Data records START
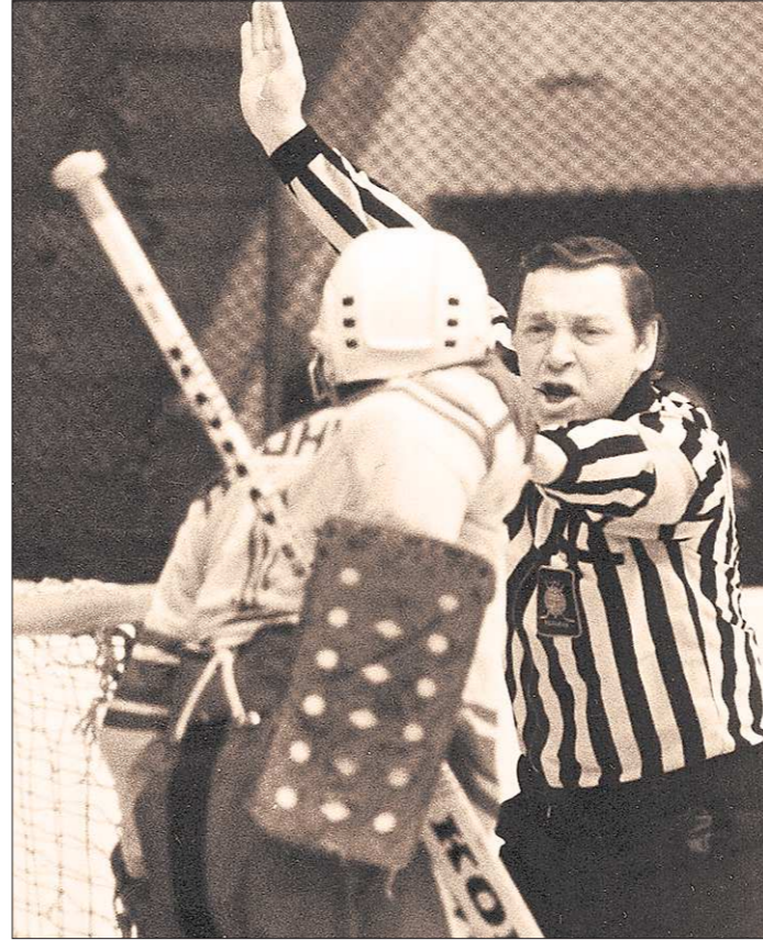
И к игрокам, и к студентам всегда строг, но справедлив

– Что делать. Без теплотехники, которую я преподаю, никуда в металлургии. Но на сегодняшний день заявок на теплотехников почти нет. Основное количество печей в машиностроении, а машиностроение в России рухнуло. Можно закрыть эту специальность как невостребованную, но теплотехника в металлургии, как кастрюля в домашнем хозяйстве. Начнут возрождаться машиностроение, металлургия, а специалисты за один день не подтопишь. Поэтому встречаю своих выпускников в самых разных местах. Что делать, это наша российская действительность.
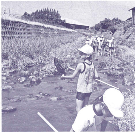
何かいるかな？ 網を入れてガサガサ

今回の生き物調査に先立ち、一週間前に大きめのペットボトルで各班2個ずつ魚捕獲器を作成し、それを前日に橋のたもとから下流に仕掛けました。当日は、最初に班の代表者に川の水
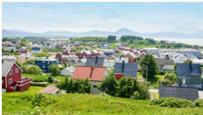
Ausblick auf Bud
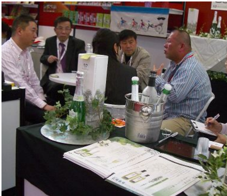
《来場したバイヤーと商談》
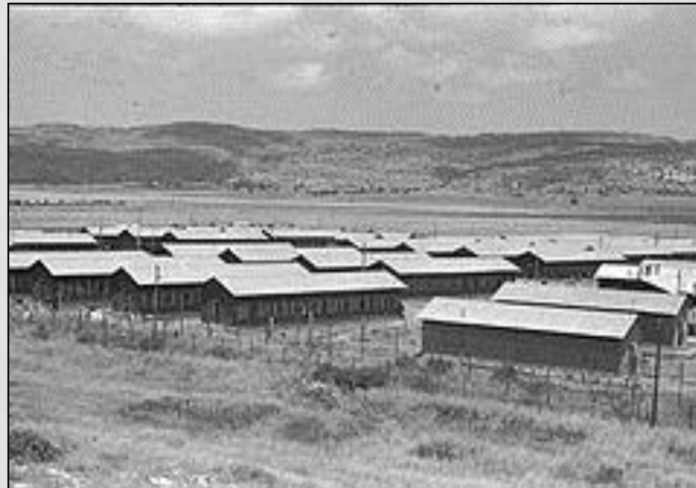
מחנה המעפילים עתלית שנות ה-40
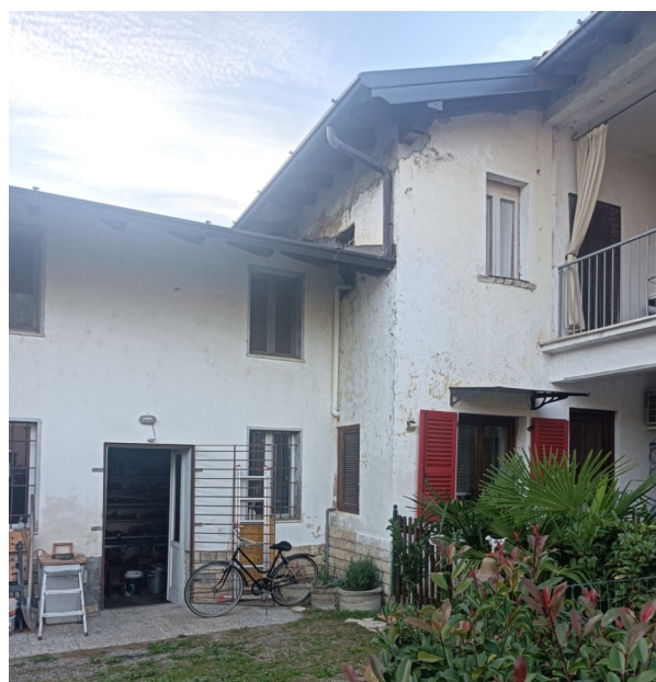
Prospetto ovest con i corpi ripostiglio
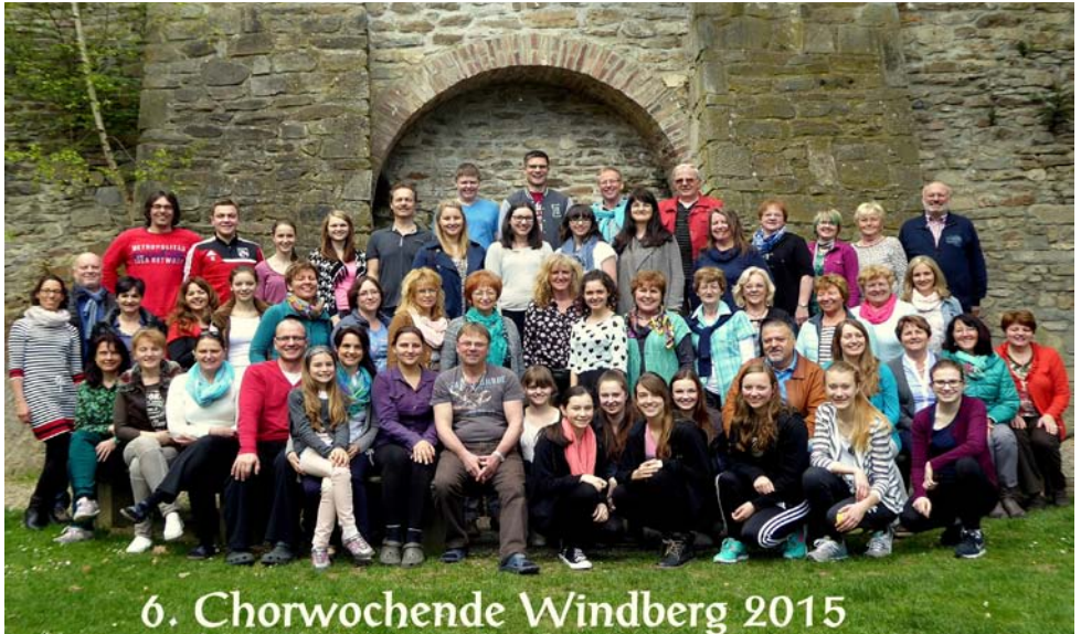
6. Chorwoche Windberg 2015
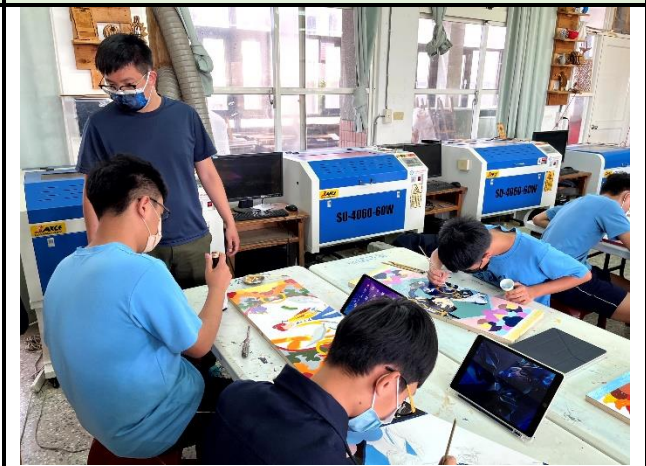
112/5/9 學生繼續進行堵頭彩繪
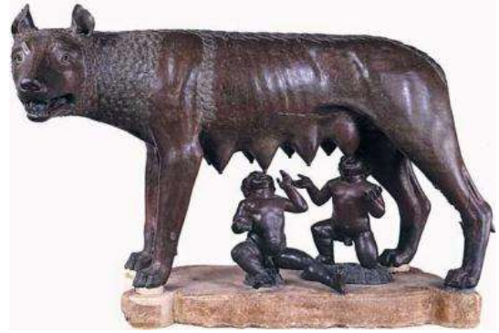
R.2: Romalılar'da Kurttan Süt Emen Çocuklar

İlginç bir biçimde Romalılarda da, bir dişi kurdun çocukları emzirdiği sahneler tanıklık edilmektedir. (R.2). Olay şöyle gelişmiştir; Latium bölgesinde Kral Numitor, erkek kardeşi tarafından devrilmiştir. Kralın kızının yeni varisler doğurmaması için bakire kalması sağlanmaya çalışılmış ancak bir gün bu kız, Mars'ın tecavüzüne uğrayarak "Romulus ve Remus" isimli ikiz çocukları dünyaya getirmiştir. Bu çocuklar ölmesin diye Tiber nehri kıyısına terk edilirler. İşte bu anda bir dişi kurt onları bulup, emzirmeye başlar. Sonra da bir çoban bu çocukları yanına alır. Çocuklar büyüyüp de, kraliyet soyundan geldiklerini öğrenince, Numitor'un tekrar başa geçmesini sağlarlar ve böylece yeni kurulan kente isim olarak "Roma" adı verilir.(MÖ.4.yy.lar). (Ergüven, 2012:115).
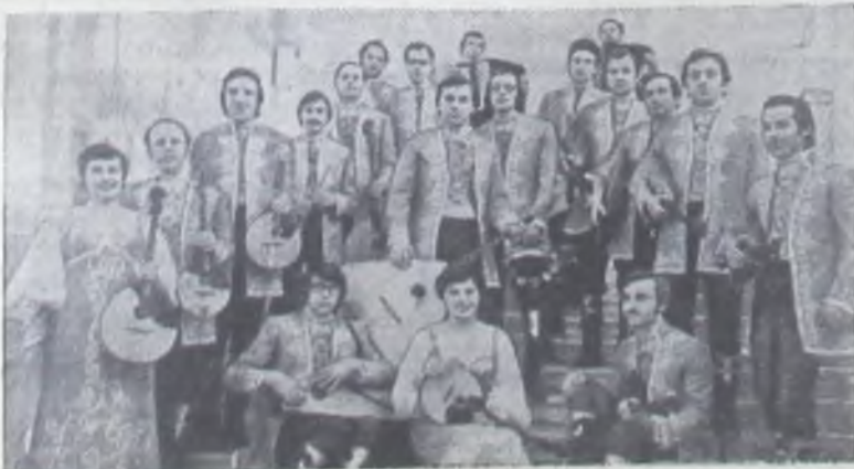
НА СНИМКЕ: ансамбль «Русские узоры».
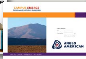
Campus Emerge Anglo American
Data records END
→ Task item
Repeat the data in full and exactly. Omit pictures.

→ Output for this exercise
И к игрокам, и к студентам всегда строг, но справедлив

– Что делать. Без теплотехники, которую я преподаю, никуда в металлургии. Но на сегодняшний день заявок на теплотехников почти нет. Основное количество печей в машиностроении, а машиностроение в России рухнуло. Можно закрыть эту специальность как невостребованную, но теплотехника в металлургии, как кастрюля в домашнем хозяйстве. Начнут возрождаться машиностроение, металлургия, а специалисты за один день не подтопишь. Поэтому встречаю своих выпускников в самых разных местах. Что делать, это наша российская действительность.
何かいるかな？ 網を入れてガサガサ

今回の生き物調査に先立ち、一週間前に大きめのペットボトルで各班2個ずつ魚捕獲器を作成し、それを前日に橋のたもとから下流に仕掛けました。当日は、最初に班の代表者に川の水
Ausblick auf Bud
《来場したバイヤーと商談》
מחנה המעפילים עתלית שנות ה-40
Prospetto ovest con i corpi ripostiglio
6. Chorwoche Windberg 2015
112/5/9 學生繼續進行堵頭彩繪
R.2: Romalılar'da Kurttan Süt Emen Çocuklar

İlginç bir biçimde Romalılarda da, bir dişi kurdun çocukları emzirdiği sahneler tanıklık edilmektedir. (R.2). Olay şöyle gelişmiştir; Latium bölgesinde Kral Numitor, erkek kardeşi tarafından devrilmiştir. Kralın kızının yeni varisler doğurmaması için bakire kalması sağlanmaya çalışılmış ancak bir gün bu kız, Mars'ın tecavüzüne uğrayarak "Romulus ve Remus" isimli ikiz çocukları dünyaya getirmiştir. Bu çocuklar ölmesin diye Tiber nehri kıyısına terk edilirler. İşte bu anda bir dişi kurt onları bulup, emzirmeye başlar. Sonra da bir çoban bu çocukları yanına alır. Çocuklar büyüyüp de, kraliyet soyundan geldiklerini öğrenince, Numitor'un tekrar başa geçmesini sağlarlar ve böylece yeni kurulan kente isim olarak "Roma" adı verilir.(MÖ.4.yy.lar). (Ergüven, 2012:115).
НА СНИМКЕ: ансамбль «Русские узоры».
Campus Emerge Anglo American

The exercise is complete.